→ **Data block**:

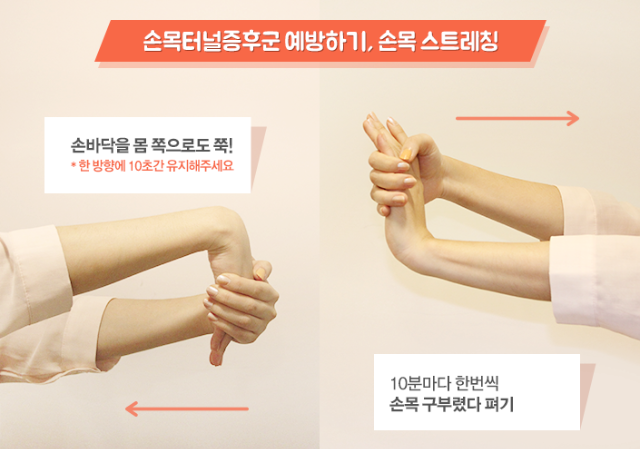 수근관증후군은 손목의 잘못된 자세와 무리하게 반복된 동작으로 발생한다. 재활의학과에서는 손목의 위치를 조정해 손목에 가해지는 압력을 줄이는 손목운동을 시행한다. 증상을 유발하는 손목 동작을 교정하고 생활환경을 개선해, 질병을 예방하고 완화하는데 일차적 목적을 둔다. 평소 컴퓨터를 사용할 때 손목이 굽혀지지 않도록 평행을 유지한다. 장시간 마우스를 사용하는 것도 피한다. 손빨래처럼 손목에 무리를 많이 주는 가사활동도 가급적 피해야 한다. 부득이하게 손을 계속 사용해야한다면, 손목 보호대를 착용하고 양손을 균등하게 사용한다. 대략 50분 작업 후에 10분 정도 손을 쉬는 것도 중요하다. 또한 한쪽 팔을 수평으로 뻗어 손가락과 손등을 반대쪽 손으로 당기며 스트레칭을 자주 해주도록 한다. 손등과 손바닥을 마사지하는 것도 도움이 된다. 만약 손이 저리고 통증이 느껴지면, 하던 일을 잠시 중단하고 휴식을 취한다. 따뜻한 물에 손을 넣어 10분가량 주먹을 쥐었다 폈다 하는 것도 증상 완화에 도움이 될 수 있다. 닥터클리닉 1. 수근관증후군은 손목을 주물러주면 일시적으로 저리거나 아픈 증상이 완화될 수 있다. 그 때문에 증상을 방치해두는 경우가 많다. 그러나 참거나 방치하면, 가벼운 증상도 심각한 질환으로 이어질 수 있다. 평소 손목이 저리고 통증이 심해 잠을 설치거나, 손목의 무감각과 심한 통증이 반복되는 사람이라면 한번쯤 수근관증후군을 의심하고 재활의학과 전문의를 찾아 진료를 받는 것이 좋다. 닥터클리닉 2. 알아두면 좋은 손발 저림 진단법 * 발가락에 면봉이나 바늘을 이용하여 닿는 느낌이나 따가운 느낌을 손가락과 비교해 보아 뚜렷한 감소가 나타나면 감각신경의 손상이 있음을 나타내는 지표 중 하나이다. * 손목을 90도 정도 구부리고 약 1분 이내에 손가락의 끝이 저리는 현상이 나타나면 손목에서 신경이 눌리거나 신경을 가는 혈액 순환이 잘 안 되는 것일 수 있다.
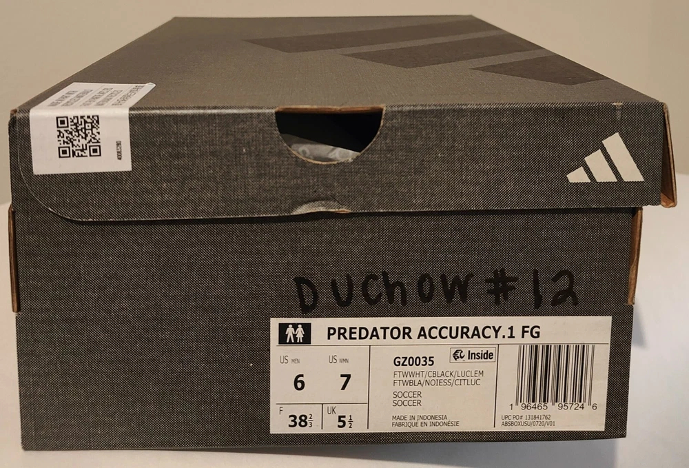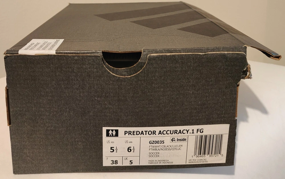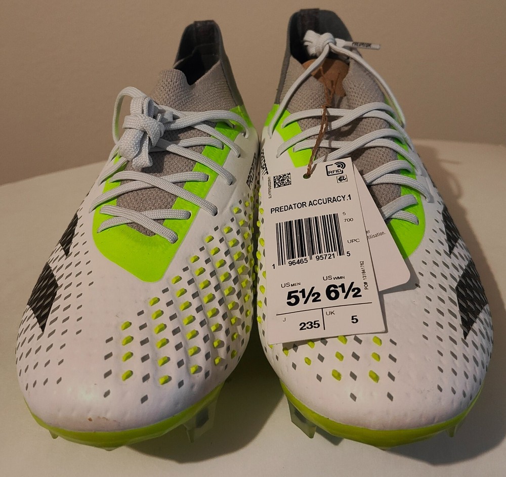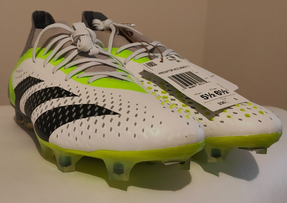 Important - Store closing on 9/29/2025, all listings will go out of stock on 9/30/2025. The product is a brand new pair of Adidas Predator Accuracy.1 FG soccer shoes in size 5, 5.5, or 9. These unisex shoes feature a green and white color scheme, with a style code of GZ0035. Designed for soccer players, they offer comfort and are part of the Adidas Predator product line, known for their performance on the field. With a focus on accuracy and control, these athletic sneakers are perfect for sports enthusiasts looking for quality footwear.
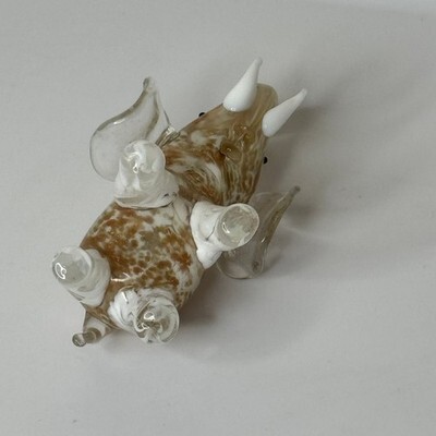Keywords: glass elephant figurine, hand blown glass, animal sculpture, desk decor, shelf decor, collectible animal, swirl glass, brown and white, trunk up elephant, charming figurine, gift for animal lover, home accent, decorative item, unique art
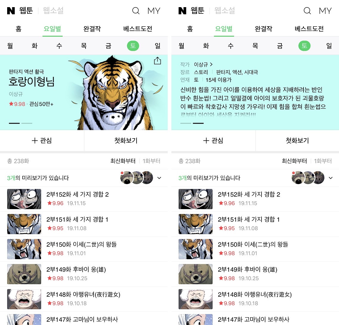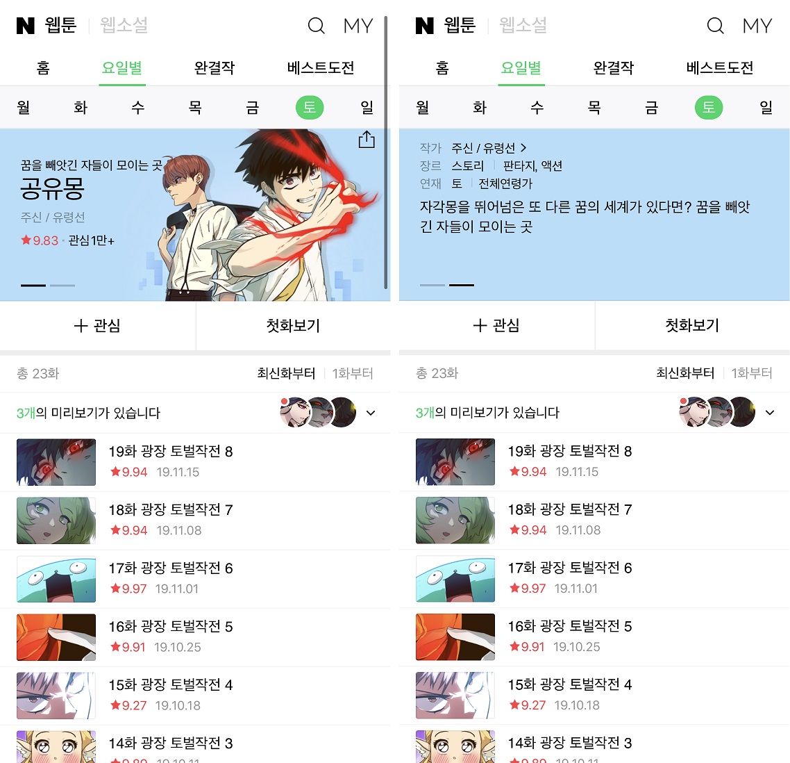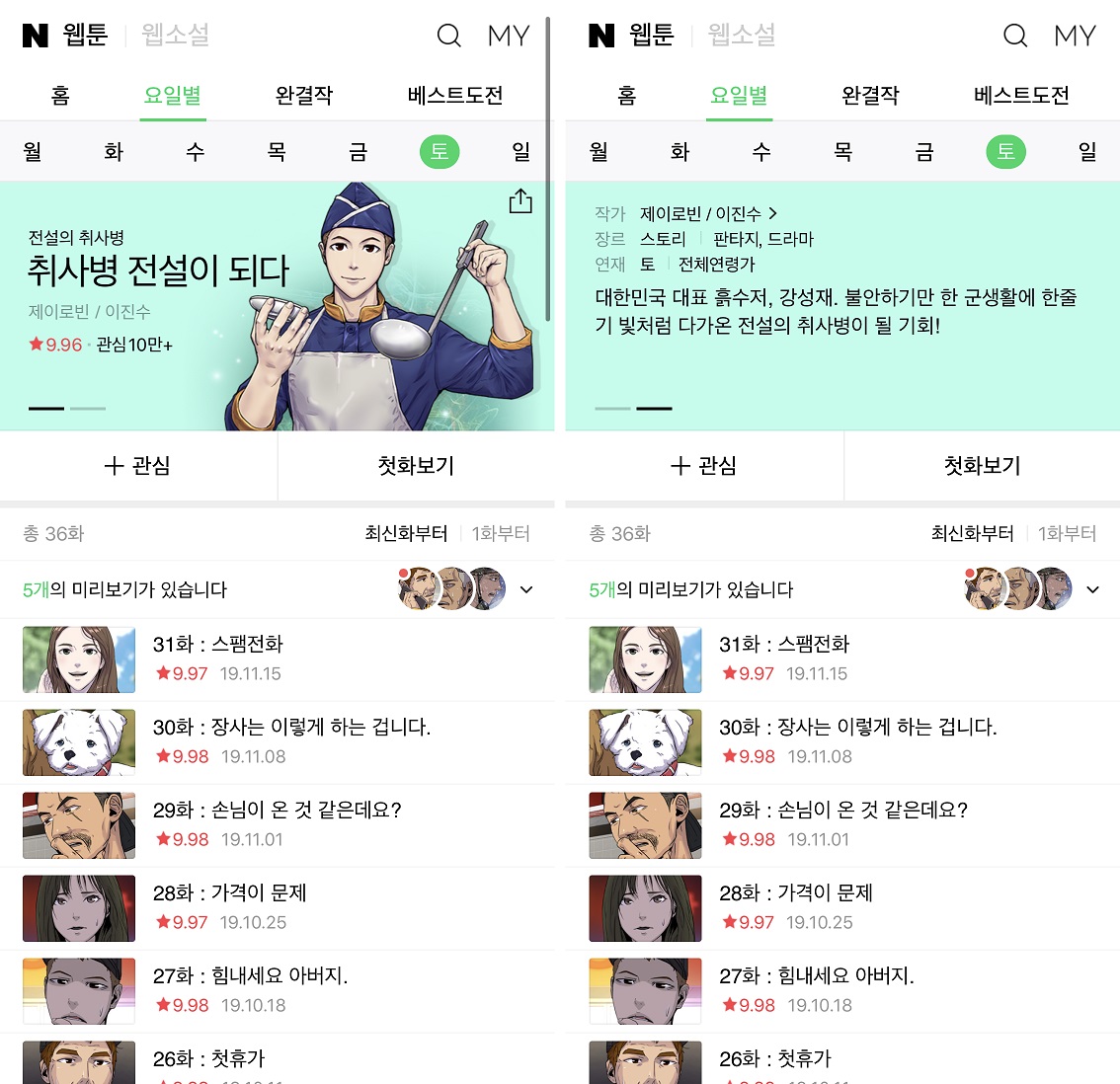 | [2019년 11월 기준] 취향 따라! 네이버웹툰 일요일 연재작 리뷰 (후기/추천) (0) | 2019.12.08 |

→ **What is required**: Reproduce the listing above exactly, without a single picture.

→ **Result of the exercise**:
 수근관증후군은 손목의 잘못된 자세와 무리하게 반복된 동작으로 발생한다. 재활의학과에서는 손목의 위치를 조정해 손목에 가해지는 압력을 줄이는 손목운동을 시행한다. 증상을 유발하는 손목 동작을 교정하고 생활환경을 개선해, 질병을 예방하고 완화하는데 일차적 목적을 둔다. 평소 컴퓨터를 사용할 때 손목이 굽혀지지 않도록 평행을 유지한다. 장시간 마우스를 사용하는 것도 피한다. 손빨래처럼 손목에 무리를 많이 주는 가사활동도 가급적 피해야 한다. 부득이하게 손을 계속 사용해야한다면, 손목 보호대를 착용하고 양손을 균등하게 사용한다. 대략 50분 작업 후에 10분 정도 손을 쉬는 것도 중요하다. 또한 한쪽 팔을 수평으로 뻗어 손가락과 손등을 반대쪽 손으로 당기며 스트레칭을 자주 해주도록 한다. 손등과 손바닥을 마사지하는 것도 도움이 된다. 만약 손이 저리고 통증이 느껴지면, 하던 일을 잠시 중단하고 휴식을 취한다. 따뜻한 물에 손을 넣어 10분가량 주먹을 쥐었다 폈다 하는 것도 증상 완화에 도움이 될 수 있다. 닥터클리닉 1. 수근관증후군은 손목을 주물러주면 일시적으로 저리거나 아픈 증상이 완화될 수 있다. 그 때문에 증상을 방치해두는 경우가 많다. 그러나 참거나 방치하면, 가벼운 증상도 심각한 질환으로 이어질 수 있다. 평소 손목이 저리고 통증이 심해 잠을 설치거나, 손목의 무감각과 심한 통증이 반복되는 사람이라면 한번쯤 수근관증후군을 의심하고 재활의학과 전문의를 찾아 진료를 받는 것이 좋다. 닥터클리닉 2. 알아두면 좋은 손발 저림 진단법 * 발가락에 면봉이나 바늘을 이용하여 닿는 느낌이나 따가운 느낌을 손가락과 비교해 보아 뚜렷한 감소가 나타나면 감각신경의 손상이 있음을 나타내는 지표 중 하나이다. * 손목을 90도 정도 구부리고 약 1분 이내에 손가락의 끝이 저리는 현상이 나타나면 손목에서 신경이 눌리거나 신경을 가는 혈액 순환이 잘 안 되는 것일 수 있다.
 Important - Store closing on 9/29/2025, all listings will go out of stock on 9/30/2025. The product is a brand new pair of Adidas Predator Accuracy.1 FG soccer shoes in size 5, 5.5, or 9. These unisex shoes feature a green and white color scheme, with a style code of GZ0035. Designed for soccer players, they offer comfort and are part of the Adidas Predator product line, known for their performance on the field. With a focus on accuracy and control, these athletic sneakers are perfect for sports enthusiasts looking for quality footwear.
Keywords: glass elephant figurine, hand blown glass, animal sculpture, desk decor, shelf decor, collectible animal, swirl glass, brown and white, trunk up elephant, charming figurine, gift for animal lover, home accent, decorative item, unique art
 | [2019년 11월 기준] 취향 따라! 네이버웹툰 일요일 연재작 리뷰 (후기/추천) (0) | 2019.12.08 |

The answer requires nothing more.